Some of those who—quite correctly—demand that Israel live by international law also assert—quite incorrectly—that the state has no right to exist, or that it has no right to affirm a special connection with the Jewish people. They ignore the truth that international law guarantees Israel's existence and its right to choose its culture. Some of these same people are quite convinced of Quebec's right to secede from Canada to protect its French culture, or of Pakistan's right to choose to exist distinct from India solely so that it can protect and affirm Islam. Yet they attack the very existence of a state that was affirmed by the United Nations both in its founding and today. Whatever label one sticks on that special animus, it is wrong.

The same ethical commitments that demand freedom and self-determination for the Palestinian people demand it for the Israeli people. Israel's violation of law, justice, and peace through its occupation of the West Bank, Gaza, and East Jerusalem no more justifies abolishing Israel than the U.S. war against Vietnam or its occupation of Iraq justify the abolition of the United States.

The world is entitled to—indeed, obligated to—demand the end of the occupation, as well as such inhuman and dehumanizing acts as the suicide bombings of teenagers in Jerusalem or Tel Aviv. (Indeed, such bombings may use the rhetoric of "opposing" the occupation, but in actuality they are rooted in the same immoral version of "morality." By frightening and enraging Israelis, they actually strengthen the occupation. They are Sharon's best ally.)

Individuals are entitled to urge Israelis and Palestinians to move toward the creation of a broader state that can support the cultures of both peoples. But to try to impose such a state on either people will turn the present rivers of blood into oceans of death. Only through a generation of living in peace alongside each other in two separate, free, and secure states is it likely that Israelis and Palestinians could begin to create such a federal arrangement.

The anti-war movement needs to remember that more than a century ago, it was said that "anti-Semitism is the socialism of fools." History bore out the truth of that assertion. Today, anti-Semitism is the anti-imperialism of fools—or knaves. We must insist that our own opposition to injustice, war, and empire not fall into that perversion of our vision.

 

Joel Finkel responds:

I am grateful to find that Rabbi Waskow and I share much common ground, which he expresses in his response to my letter. Yet, the important distinction remains that, while I never denied anyone's right to claim that Israel represents the Jewish people, or Judaism, or the man in the moon, this claim has not the slightest foundation in reality.

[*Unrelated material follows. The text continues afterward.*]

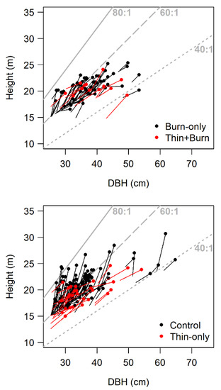 Douglas-fir periodic change in height and diameter relative to height-to-diameter ratio thresholds of 80:1, 60:1, and 40:1. Tree growth is represented from 2001 (segment terminus with no end cap) to 2014 (terminus with circle end cap). To better visualize the significant thinning effect, the top panel shows treatments that used prescribed fire, and the bottom panel shows treatments without prescribed fire.

To actually state this fact is neither anti-Israeli nor anti-Jewish. Furthermore, to be firmly opposed to the realization of such a "dream" is neither anti-Israeli nor anti-Jewish.

Contrary to what Waskow says, I did not simply infer his message from his original article. The final sentence of his piece, which chastises what he considers to be the 'anti-Israel' forces within the peace movement, and which despairs of Jews who might develop an "inverted identity," was clear: "But among almost all Jews who call themselves 'pro-Israel, pro-peace, anti-occupation,' the distinctive quality is a vision of what an Israel would be like that could authentically and joyfully speak (and be heard as speaking) in the name of the Jewish people, Torah, and God."

Waskow is quite correct that anti-Semitism is the anti-imperialism of fools just as it was the socialism of fools. However, it is time to consider that Zionism has been not only the nationalist socialism of fools but also a very destructive false messiah.